There is typically a couple of obstacles to realize this, first the representation of the spacetime is usually done in 2 dimensional graphs, and most importantly in 4D rotational symmetry about a plane corresponds to corresponding 2D rotational symmetry in every perpendicular plane, about the point of intersection.

23. Sep 4, 2013

### Staff: Mentor

The more precise way of stating this is that spherical symmetry means 3 Killing vector fields corresponding to 3 spatial rotations.
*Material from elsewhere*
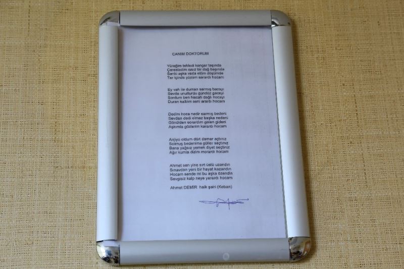 Hastasının zarif düşüncesi nedeniyle teşekkür eden Prof. Dr. Dağlı ise gönderdiği şiirin odasında sürekli kalacağını söyledi.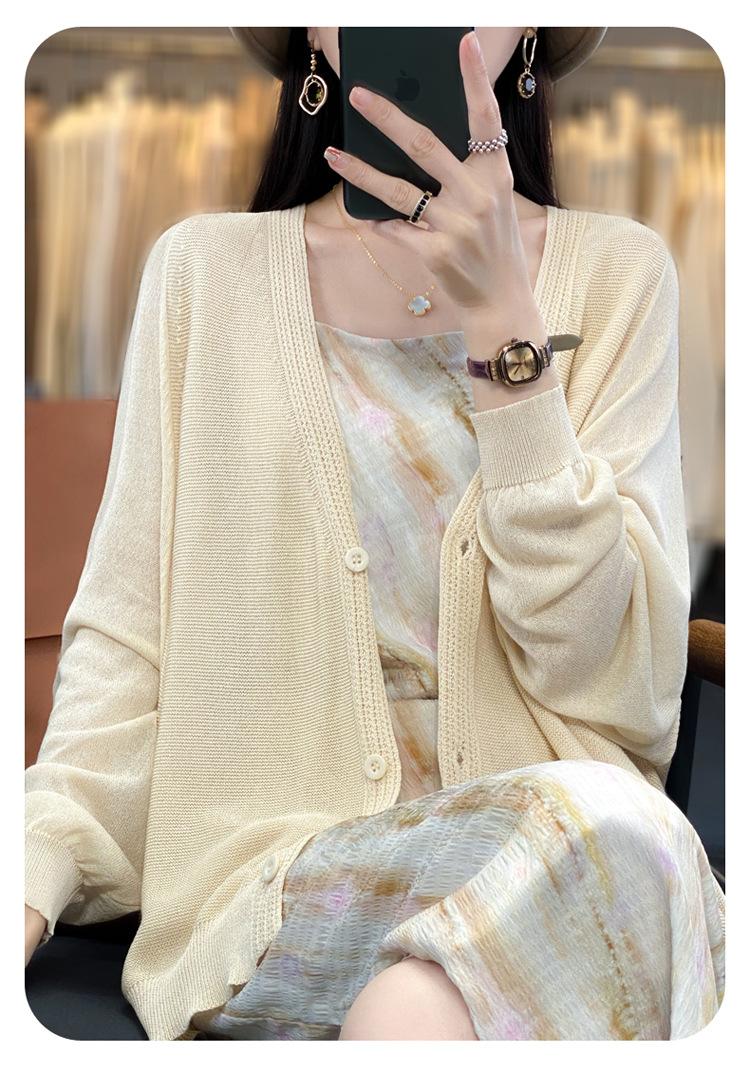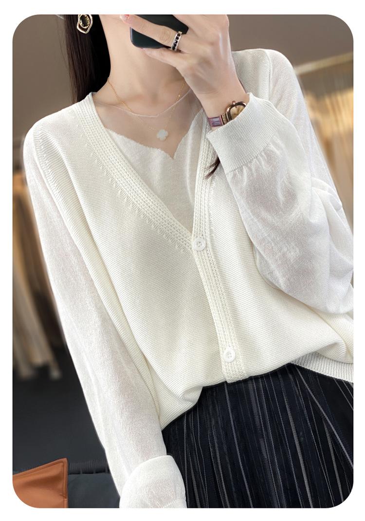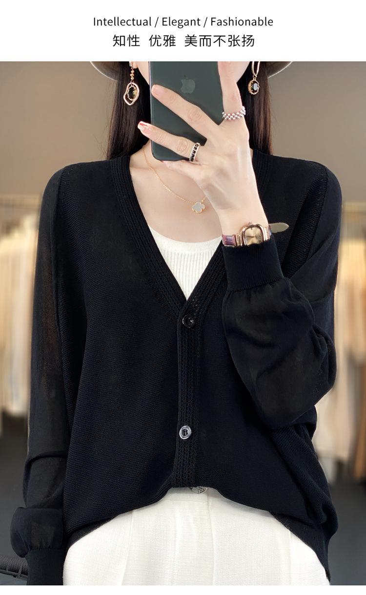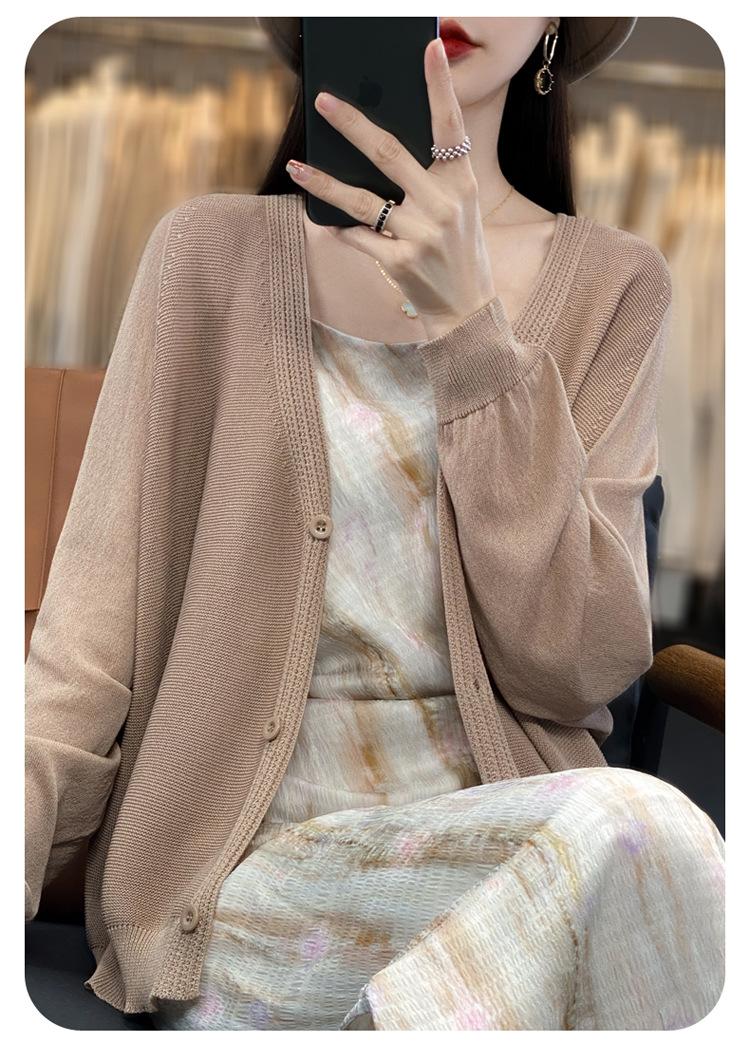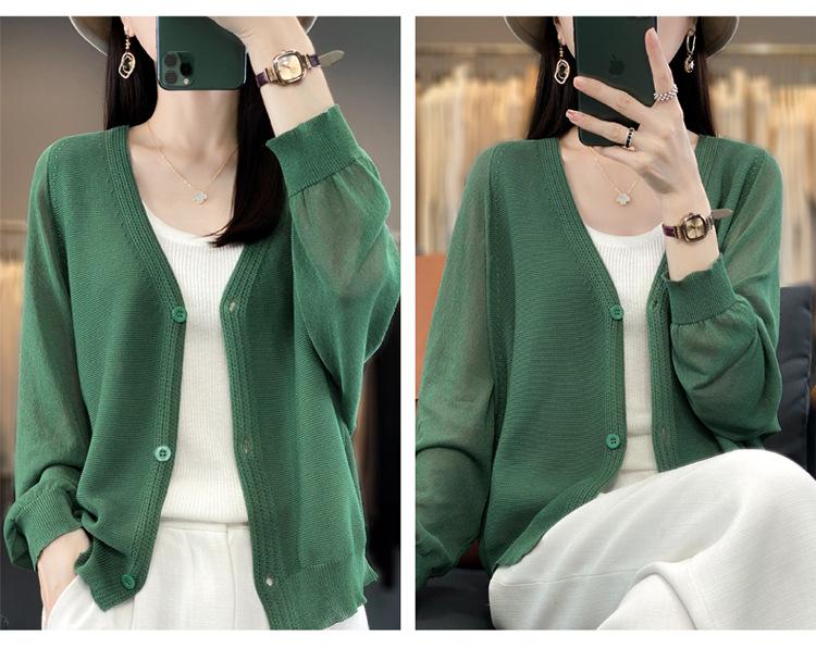 Cárdigan fino de punto con protector solar para mujer, novedad de verano 2023, ropa exterior de manga larga, abrigo holgado, camisa elegante adelgazante con aire acondicionado

But S2 with the appropriate metric on it has that symmetry. (I think we've had a discussion similar to this before.)

This is not correct; the S2 part of the topology, with the appropriate metric on it, is there throughout the entire spacetime, so the spherical symmetry is as well.

What *is* true is that, counterintuitively, there is no "center" to the spherical symmetry in the spacetime itself; i.e., there is no portion of the spacetime corresponding to the degenerate "sphere" with zero radius. The surface r = 0, the singularity, is not actually part of the spacetime. However, that doesn't take away the spherical symmetry anywhere else.

Staticity is not a premise of Birkhoff's Theorem. We've had this discussion before as well; I summarized the upshot of that discussion in a post on my PF blog:

https://www.physicsforums.com/blog.php?b=4211 [Broken]

Last edited by a moderator: May 6, 2017
24. Sep 4, 2013

### TrickyDicky

This is correct for the case of an intrinsic S2 manifold, that is, one that is not embedded in euclidean or other space. Here we have a spherical surface and a Euclidean surface.

See above qualifier.
I'll concede this is not such a clear cut case as I maybe made it appear, as there are certain complexities in 4 dimensional space that are hard to visualize.
But certainly for all physical purposes that I've seen the Scwarzschild solution applied to there is a "center" where the geodesic incompleteness lies that breaks spherical symmetry.
I'd appreciate if you stopped repeating this unless you point to the specific discussion with a link. the last discussion I recall with you you had to retract a couple of things (so did I for that matter)
Sure, sorry about that, it doesn't add anything to my point or to the discussion anyway.

25. Sep 4, 2013

### Staff: Mentor

No, we have an R2's worth of S2 surfaces, so to speak; that is, we have a 2-parameter family of S2 surfaces, each of which is an "intrinsic S2 manifold" in and of itself, and each one of which has the appropriate metric on it for spherical symmetry.

This is true.

But this is false. The geodesic incompleteness doesn't have any effect on the spherical symmetry; it's a separate issue.